Katie Weber, President of Quartz, said that focusing on its “Need to Know” COVID-19 email newsletter helped attract subscribers, as well as reporting on topics such as the office, mental health and commuting.
The publisher also expanded its membership offering, with access to all digital content, member-only newsletters, deep dives, digital events and presentations.
“We are doubling down on our core strengths – providing a global perspective, actionable ideas, and distinctive coverage within obsessions (dives deep into a single topic),” said Weber. “We are learning more every month about what’s working, and investing more in those things.”
“53% of publishers report revenue growth”
This recent growth in reader revenue has been experienced by publishers across the industry. 53% of publishers reported revenue growth in Q1 2020, helped by strong growth in subscriptions, according to the latest quarterly Digital Publishers Revenue Index (DPRI) from the Association of Online Publishers (AOP) and Deloitte.

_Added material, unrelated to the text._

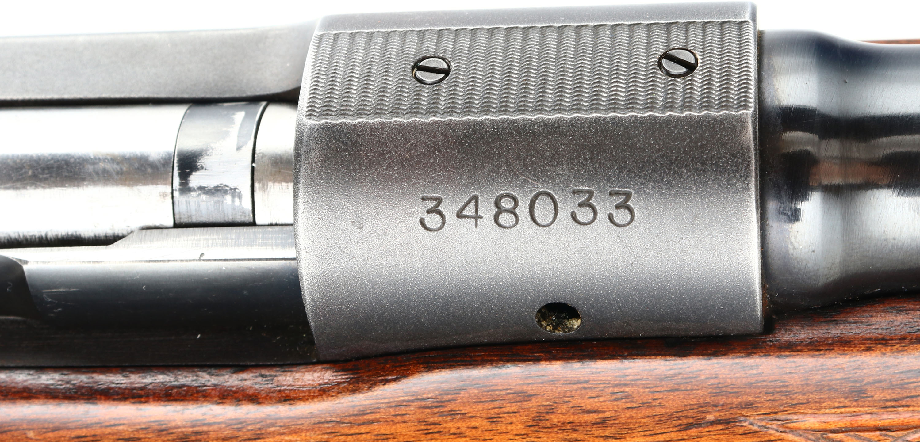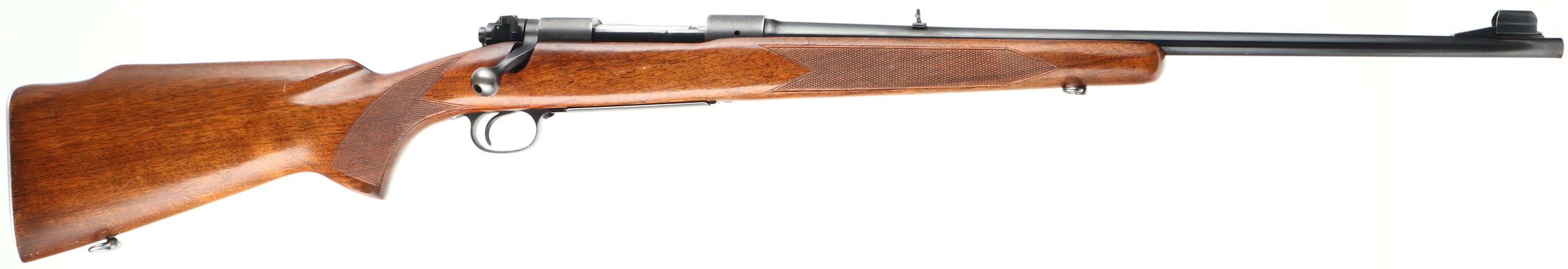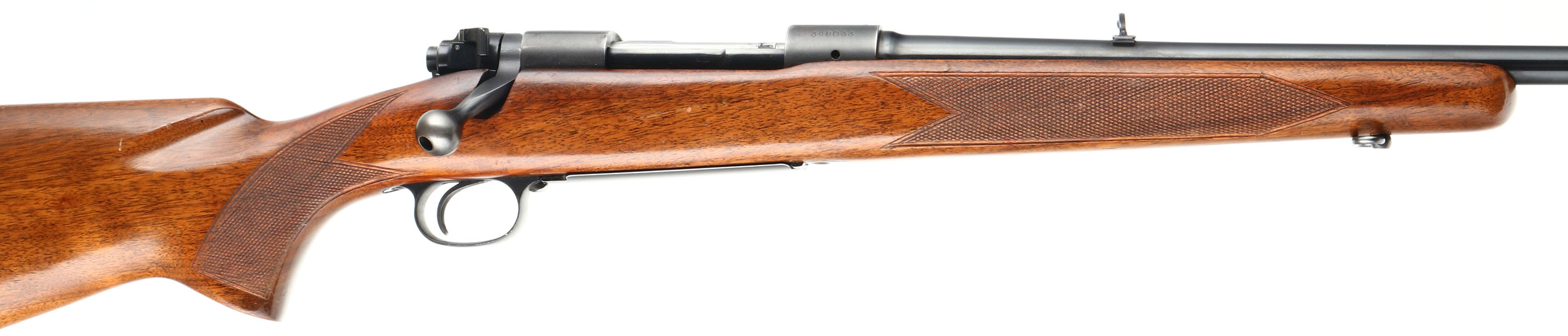 Winchester, Model 70 Featherweight, CAL: 270 WIN, MFG: 1955, SN: 348033, Bolt Action Rifle, 22'' barrel. The original checkered & flat pistol grip Monte Carlo wood stock is excellent & solid. The original finish has minor scrapes, scuffs & scratches. The original metal blue finish on the barrel rates 98%, 95% matte finish on receiver, with minor scuffs. Bore is excellent & bright, with sharp rifling. The receiver is factory tapped & drilled, for potential scope mounting. The barrel holds a single leaf folding rear sight & ramp elevated hooded blade front sight. Stock carries a checkered metal buttplate. Factory sling loops. A desirable Pre-64 featherweight Mod 70 in a popular deer hunting caliber. FFL or C&R Req. - Value: 1200 to 2500

After a turbulent 2019, the latest DPRI data demonstrates the challenges to revenue in early 2020 wasn’t as severe as had been expected. While COVID-19 disruption will inevitably impact revenues as we move through the year, the overall decline in Q1 2020 was relatively slight with multiple areas of growth.Richard Reeves, Managing Director, AOP
The South China Morning Post which had moved away from the subscription model in 2016, announced in July that it will be rolling out new digital subscription plans from August.
“Comprehensive reporting is costly and the century-old advertising model is no longer enough to sustain high-quality news,” the publisher’s Editor-in-Chief Tammy Tam said in a statement.

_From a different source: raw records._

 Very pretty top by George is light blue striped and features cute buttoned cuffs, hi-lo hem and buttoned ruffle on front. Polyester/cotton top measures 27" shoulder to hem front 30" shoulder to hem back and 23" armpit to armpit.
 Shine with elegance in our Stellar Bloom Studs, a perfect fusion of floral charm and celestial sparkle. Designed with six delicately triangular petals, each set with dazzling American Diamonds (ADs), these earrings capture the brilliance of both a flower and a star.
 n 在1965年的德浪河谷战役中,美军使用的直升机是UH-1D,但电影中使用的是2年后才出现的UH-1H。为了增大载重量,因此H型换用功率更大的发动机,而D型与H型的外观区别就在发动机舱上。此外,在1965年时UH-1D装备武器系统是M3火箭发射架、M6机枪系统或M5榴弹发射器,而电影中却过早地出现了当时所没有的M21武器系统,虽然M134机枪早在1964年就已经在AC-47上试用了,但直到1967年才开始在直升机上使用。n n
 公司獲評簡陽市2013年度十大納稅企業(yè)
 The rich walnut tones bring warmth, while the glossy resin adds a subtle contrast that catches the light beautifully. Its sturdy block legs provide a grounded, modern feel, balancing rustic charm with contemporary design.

“SCMP’s commitment to journalism means that this model must evolve and our business must align with our greatest accountability: to serve our readers with uncompromising truth. So, we are asking for your support to help safeguard the journalism that the world deserves and the future of the South China Morning Post.”

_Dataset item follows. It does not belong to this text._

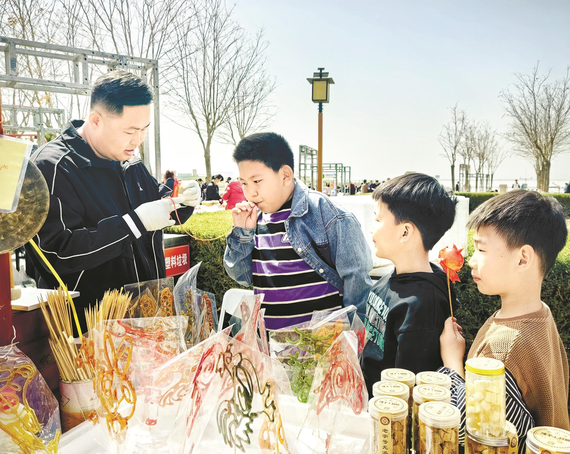 4月4日,市文体旅游广电局联合市农牧局、乌海全域文化旅游产业发展集团有限责任公司举办赏春踏青游一起“趣”观鸟——乌海观鸟季系列活动。本次活动分为观鸟区域、非遗展示区域、农副产品售卖区域、体育区域、演出区域以及社教活动区域。图为市级非遗文化“吹糖人”项目传承人张文化在非遗特色集市内展示该项目的制作技艺,让游客近距离感受非遗项目的艺术魅力。 (张靖爽 摄)
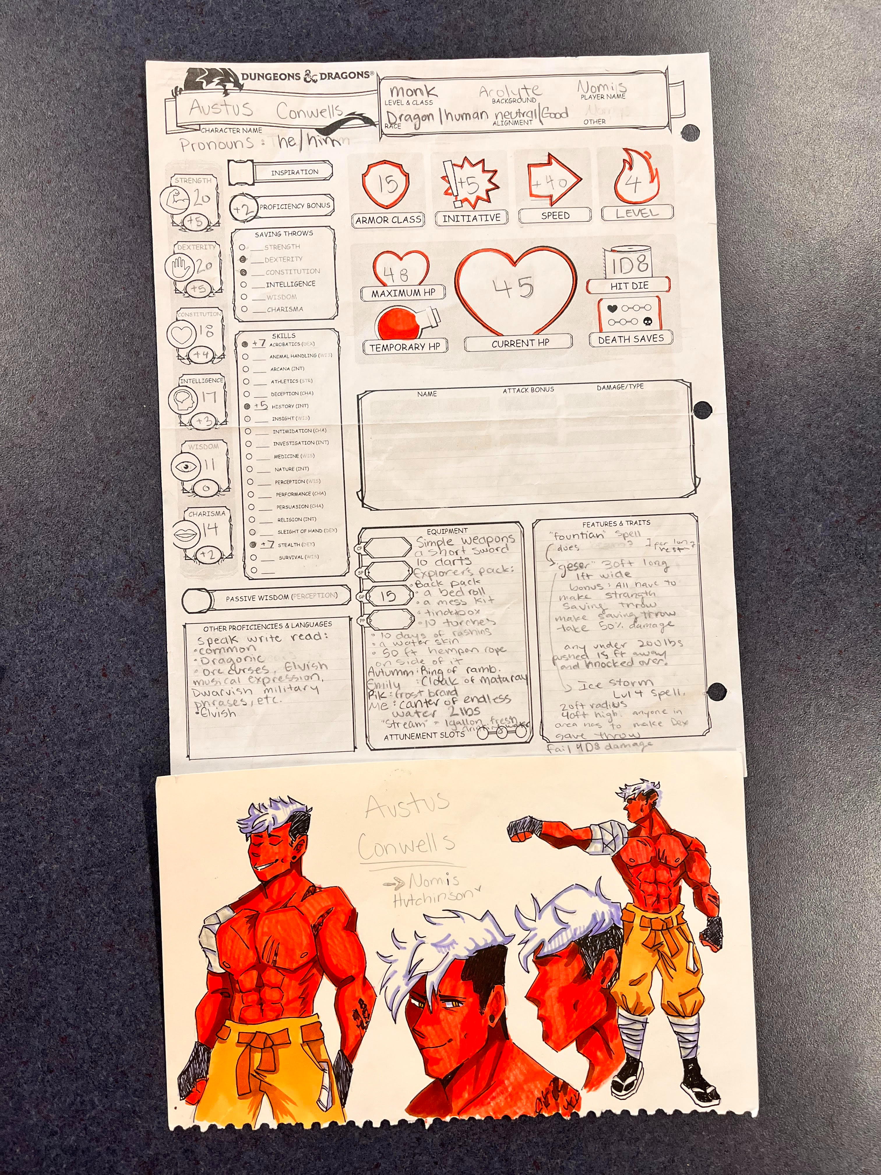 Example of a Character Sheet (reference was used for the art on Pinterest)

“Revenue from subscriptions can be higher than those from advertising revenues”
SCMP’s move confirms that subscription is the business model to build upon, no matter how tough that path may seem initially, Prantik Mazumdar, Managing Partner at Happy Marketer told The Drum.
“What helps is that global publishers like The New York Times (NYT) and The Financial Times have undergone these transformations over the last five odd years and are inspiring beacons for the industry,” he added.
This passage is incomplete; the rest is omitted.